Refugio’s chiseled features froze. Taking a handkerchief from his jacket, he wiped his face. “Cuff the bitch and throw her in the back,” he snarled in Spanish. “Let’s get the hell out of—”
A crash of splintering wood and the echoing sound of a gunshot shattered the night. The two men holding Rose’s arms let go and went for their weapons. In a lightning move, Rose whipped out the switchblade and drove it into Refugio’s body. The tip of the blade barely penetrated his black silk shirt. Too late, she realized that he was wearing a Kevlar vest underneath.
“Rose! Get down!” Hearing Tanner’s voice, she understood that he was afraid of hitting her. Still gripping the knife, she dropped and rolled under the vehicle. “They’re wearing body armor!” she shouted to warn him.
Frustrated by her helpless position, she lay in the darkness, listening to the deafening whang of the 9mm Glocks the cartel men carried and the blast of Tanner’s .38. She could hear air escaping from a tire. That must have been where Tanner’s first shot had struck.
A leg—clad in black pants, not Tanner’s jeans—came into view below the vehicle’s metal frame. Rose hacked at it from behind with her razor-sharp knife. Gasping with effort, she cut deeper and felt the hamstring separate with a snap. She was rewarded with a scream. The man had fallen a few feet away, crying and holding his maimed, useless leg. She could tell it wasn’t Refugio. Too bad, she thought. But if she could get the man’s gun, she could help Tanner.
Hugging the barn’s earthen floor, she came in low behind the wounded man, wrenched the loosely held 9mm Glock from his hand, and aimed. A single, deafening shot to the back of the head ended his worthless life.
As the sound cleared her ears, she realized that the gunfire had stopped.
Scarcely daring to breathe, she lay still. A flashlight came on, its beam moving over the carnage in the barn. The man Rose had killed lay nearby. The other Cabrera cousin, also dead, sprawled a dozen feet away. And Tanner . . .
Rose’s heart contracted. Tanner lay facedown at Refugio’s feet, a crimson flood spreading over the back of his shirt.
Refugio let the light linger on him. “He is still alive, Rose. Toss that gun over here. The knife, too, or I will finish him right now.”
Rose did as she was told. “Let me help him,” she said. “Please.”
“All right. Do it. Any tricks and I’ll kill you both.”

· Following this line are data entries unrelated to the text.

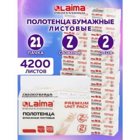 НАЙТИ ВЫГОДНЕЕ - Бумажные полотенца для диспенсера листовые, 21 пачка по 200 полотенец, 2-слойные, Z-сложение, Laima, 880947
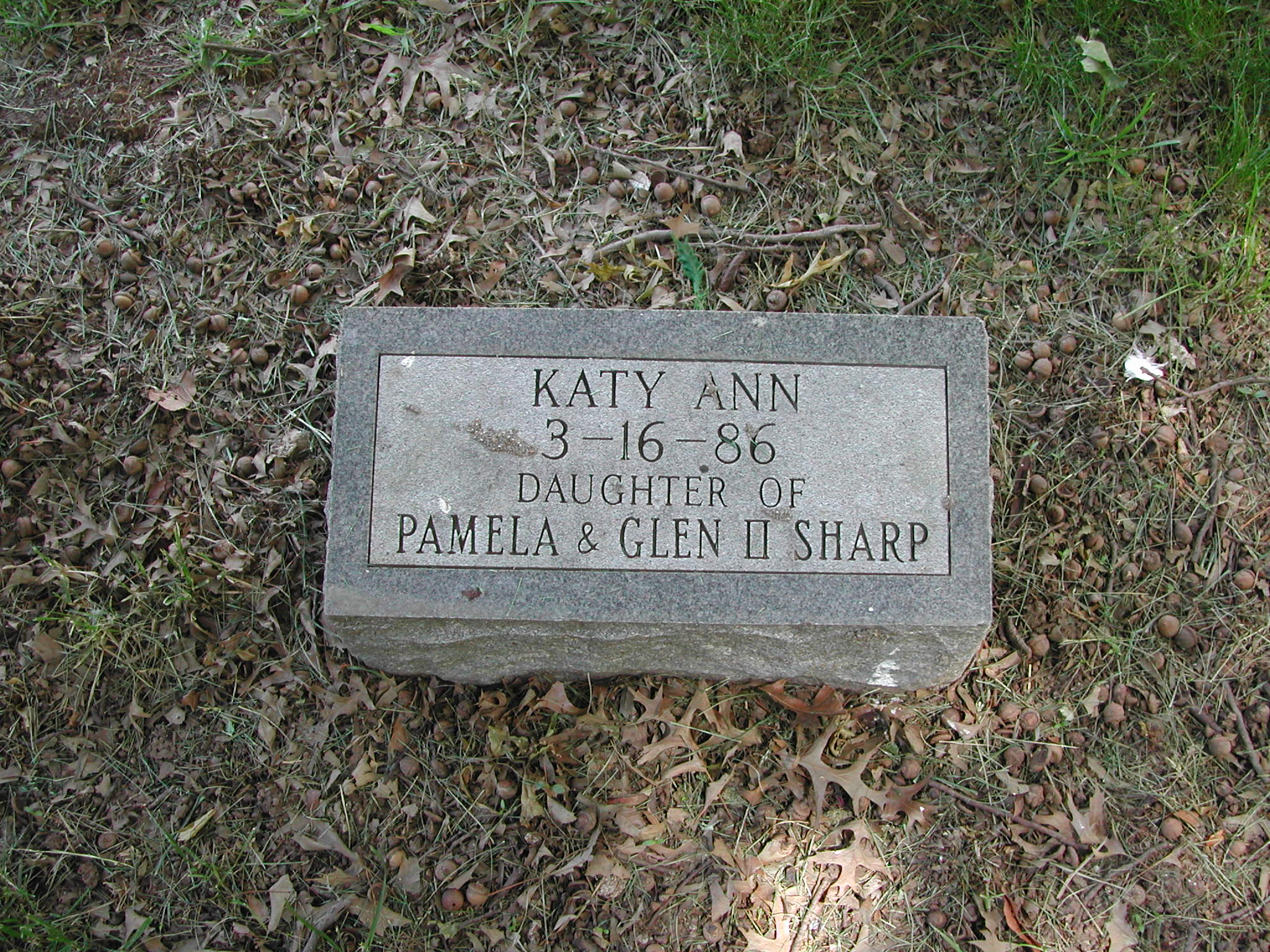 Sharp, Katy Ann; d. 16 Jun 1986; Daughter of Pamela and Glen E Sharp; - Veteran status N/A; Section 4; Row 01; Photo
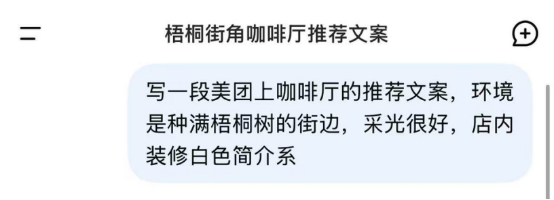 把“写一段咖啡店推荐”改为“写一段开在种满梧桐树路边、采光很好的咖啡店推荐”,让AI深刻理会场景,进行代入,这样生成的文案有画面感、情景感、而不再只是老套公式的语句堆叠。
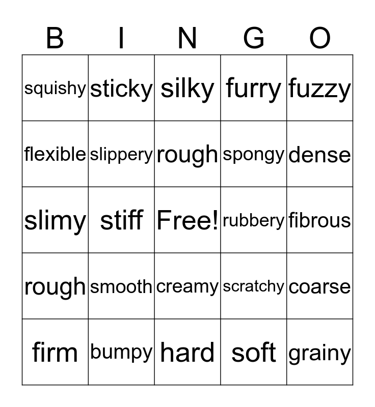 This bingo card has a free space and 24 words: smooth, bumpy, rough, firm, fuzzy, squishy, flexible, sticky, rubbery, creamy, spongy, slimy, scratchy, coarse, slippery, soft, fibrous, silky, dense, stiff, grainy, rough, furry and hard.
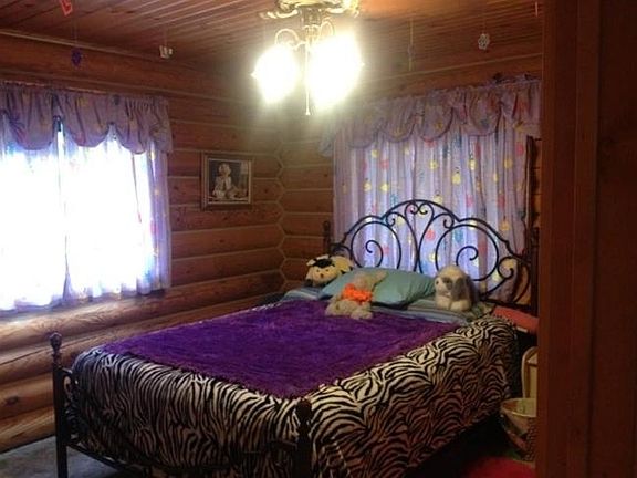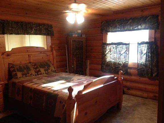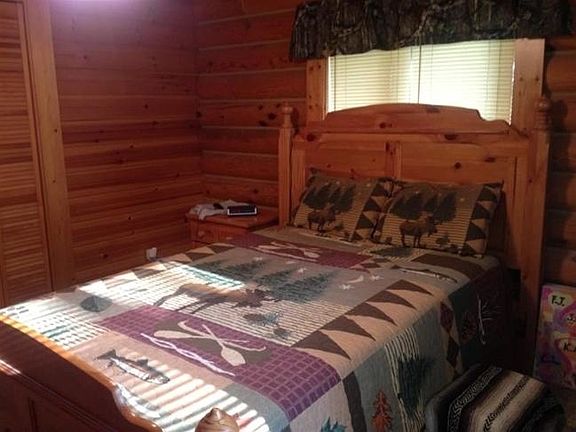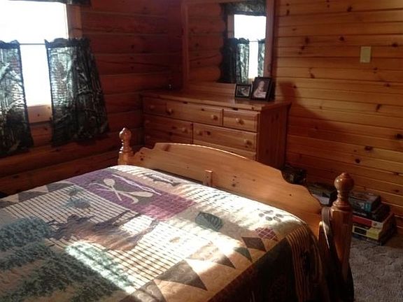 Seclusion at it's best. Tree lined driveway leads to a 2 bedroom log cabin nestled on 4.1 acres. Open concept. Office/den facing the back is a great place to view daily wildlife of deer and turkey. Basement is finished with a large family room area and another den. 936 sq. ft. garage workshop area along with another 3 sided storage shed. Large front porch. $159,000.
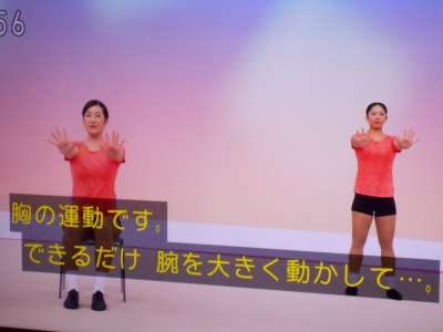 みんなの体操を手 (パー)考えてる顔手 (パー)あせあせ (飛び散る汗)
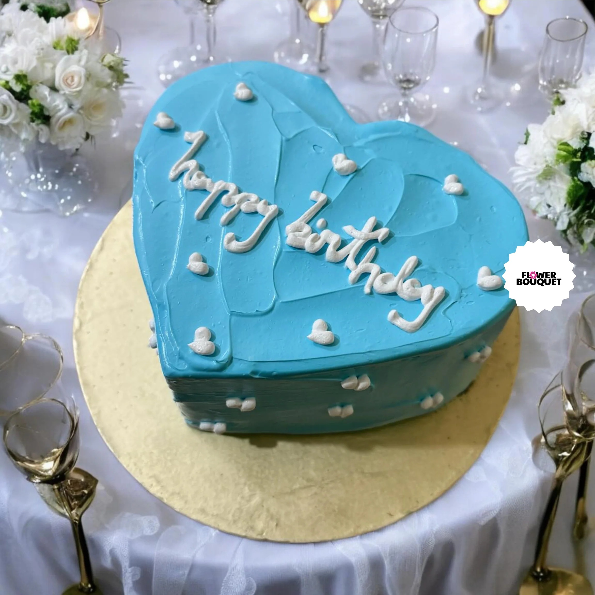 This charming cake is shaped like a big blue heart, perfect for a special birthday celebration. It’s covered in smooth, sky-blue frosting that looks soft and inviting. White frosting spells out “happy birthday” on top, surrounded by little white hearts sprinkled all over. The cake sits on a shiny gold board, making it look extra fancy. Around the cake, you can see parts of a beautifully set table with wine glasses and pretty white flowers, creating a lovely party atmosphere. This cake would make anyone feel loved and special on their birthday!
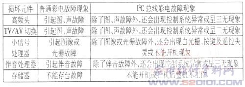 该机为自动复制方式,更换存储器后重新开机,CPU就会进行复制程序,并将CPU内ROM中的数据通过总线写入存储器中。I2C总线彩电某些硬件损坏时,可能会出现以下一些特殊的故障现象。(1)开机三无,电源指示灯亮;(2)机内继电器发出通断的“嗒嗒”响声;(3)开机即自动关机保护;(4)白光栅(或暗光栅、无噪点),按键及遥控均失灵;(5)黑屏(无光栅,但显像管灯丝亮,有高压)。附表中列出了普通彩电与I2c总线彩电中的一些部件损坏后可能引起的故障现象。从附表可以看出,当挂在I2C总线上的被控电路损坏后,会引起一些有违常规的故障现象,应特别注意。
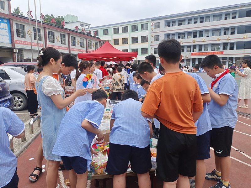 本网讯 6月1日,梅城镇望城完小庆六一“童心润爱心 小鬼来当家”爱心义卖活动在该校操场举行。 同学们摇身一变,“小小售货员”“小小收银员”立刻上线,每个爱心摊位前人头攒动,孩子们热情高涨,爱心满满,准备书籍、玩具、手工串珠等,还有各式各样的“销售策略”。本次义卖活动得到家长们的大力支持,他们慷慨赞助义卖品,有的一早精心制作擂茶、辣萝卜条、粽子等特色食品,有的在现场维持秩序,有的帮忙叫卖,有的化身爱心顾客,奉献自己的一片爱心,家长们的加入不仅壮大了义卖的力量,这也是该校坚持家校沟通,构建教育合力的又一生动体现。 据初步统计,此次活动共得义款10560.50元,将全部用于资助家庭经济困难的学生。
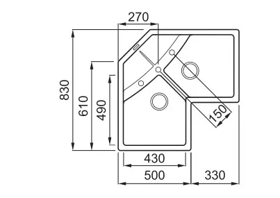 Mosogatótálca, Elleci Mosogatótálca Unico CORNER sarok G40 nero
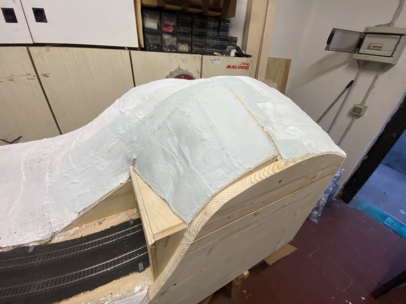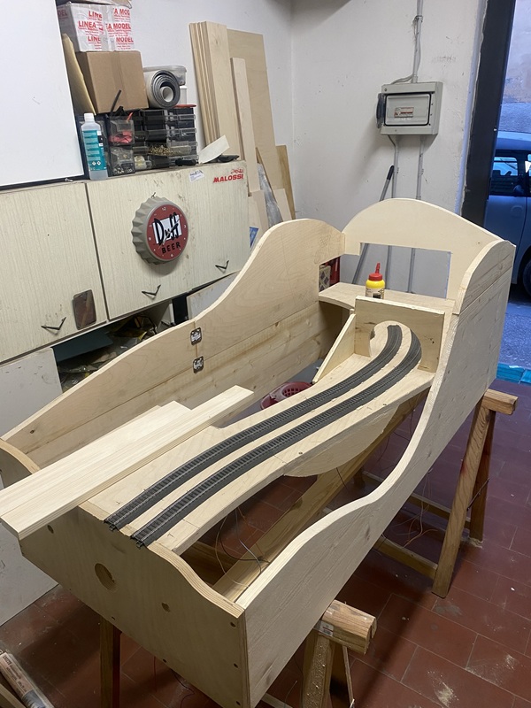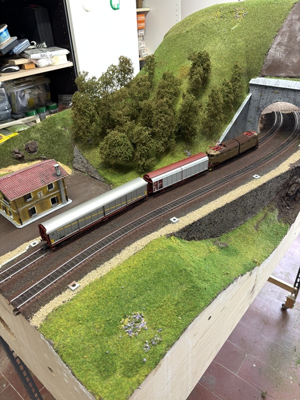 Come ho scritto nel post sul modulo di mio Padre (intitolato "Modulo di Carlo Reloaded") la rimessa in funzione dello stesso non è solo fine a sé stessa ma fa parte di un progetto più ampio di plastico casalingo. L'intenzione è quella di costruire un tracciato intorno all'opera di Carlo che sia una versione in piccolo delle esposizioni in fiera. Una linea di parata chiusa tra due gallerie con delle parti nascoste di servizio fondale ecc. Volevo però che non fosse solo un banale rettilineo, e non ho fisicamente lo spazio per poter inserire curve ad ampio raggio, inoltre ho l'esigenza di rendere l'ingombro in profondità il minimo possibile, avendo un fondo stretto e lungo. da qui ho partorito l'idea di fare una galleria un po' diversa dalle classiche portate in fiera, con più respiro. da qui nasce l'idea della Galleria del Bosco (nome partorito dopo grandi sessioni di brainstorming e dalla spiccata originaltà ) ho iniziato a Ottobre dell'anno scorso e sono in avanzato stato di completamento.
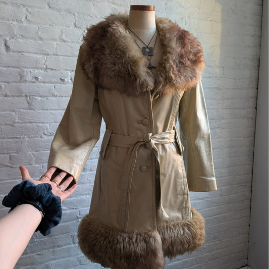 Vintage Leather Jacket Fur Trim Red 70s Penny Lane Boho Trench Afghan Coat Large
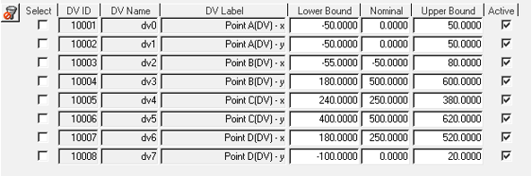 モデル全体がこれら4つの設計ポイントA、B、C、Dの形でパラメータ化されます。モデルは2D空間(X-Y面)で作動するため、結果的に設計変数は8つになります。初期の設計はTable 1のようにリストされます:

Rose moved to cover Tanner’s prone body with hers. She could feel his heart beating, but he was badly hit, losing a lot of blood. She tried to stop the bleeding with pressure from her hands. It was useless. “He needs a doctor,” she said.
“Come with me, and I will leave him alive. Maybe Bull Tyler will come back and find him.”
Maybe, Rose thought. But there was no guarantee that Bull would come back at all, and Tanner didn’t have much time. If she left him, he would die alone.
“No.” She clung to Tanner’s unconscious body, covering as much of him as she could. Tanner’s words came back to her, and she knew they were true for her as well. She would rather die with him than live without him. “I’m not leaving him,” she said. “If it matters that much, you’ll have to kill us both.”
Refugio cursed in Spanish. Rose tried to imagine what he was thinking. His men were dead, and the police would have the roads blocked, watching for his vehicle. He might be able to slip away alone and on foot, disguised as a common migrant worker, but with Rose as his prisoner, that kind of escape would be impossible. And for him, mercy was out of the question. Kill her now. Kill them both.
With the flashlight still in one hand, he raised his pistol and cocked it.
Rose glimpsed a tall silhouette in the open doorway of the barn. In the same instant, the deafening roar of a 12-gauge shotgun, firing on both barrels, shattered the air. The close-range blast could have dropped a thousand-pound steer. Even in a Kevlar vest, Refugio didn’t stand a chance.
Bull steadied his balance, lowered the weapon, and rubbed his shoulder. “Damn, but that old gun’s got a kick,” he said. “How’s Tanner?”
Rose found her voice. “Alive, but barely. He’s losing a lot of blood. We’ve got to get him to a hospital.”
Bull stripped off his shirt to use as a temporary dressing. “Better not to move him without help. Let’s put a patch on him, and you stay here with him. The patrol cars are out. First one we pass, I’ll have them call an ambulance . . .”
Eighteen hours later
Tanner opened his eyes. As his murky vision cleared, he saw that Rose was bending over his hospital bed, red-eyed, disheveled, and so stunningly beautiful that all he wanted to do was look at her.
“Hello,” she whispered.
“Hello,” he said. “You look like an angel. Am I in heaven?”
“You were knocking on the gate,” Rose said. “But the doctors brought you back. You needed three pints of blood. Even so, you were lucky. The bullet didn’t hit anything vital.”
“What about Cabrera and his pals?”
“They’re shaking hands with the devil.”
“All I remember is a lot of shooting. Then I got hit and everything went dark.”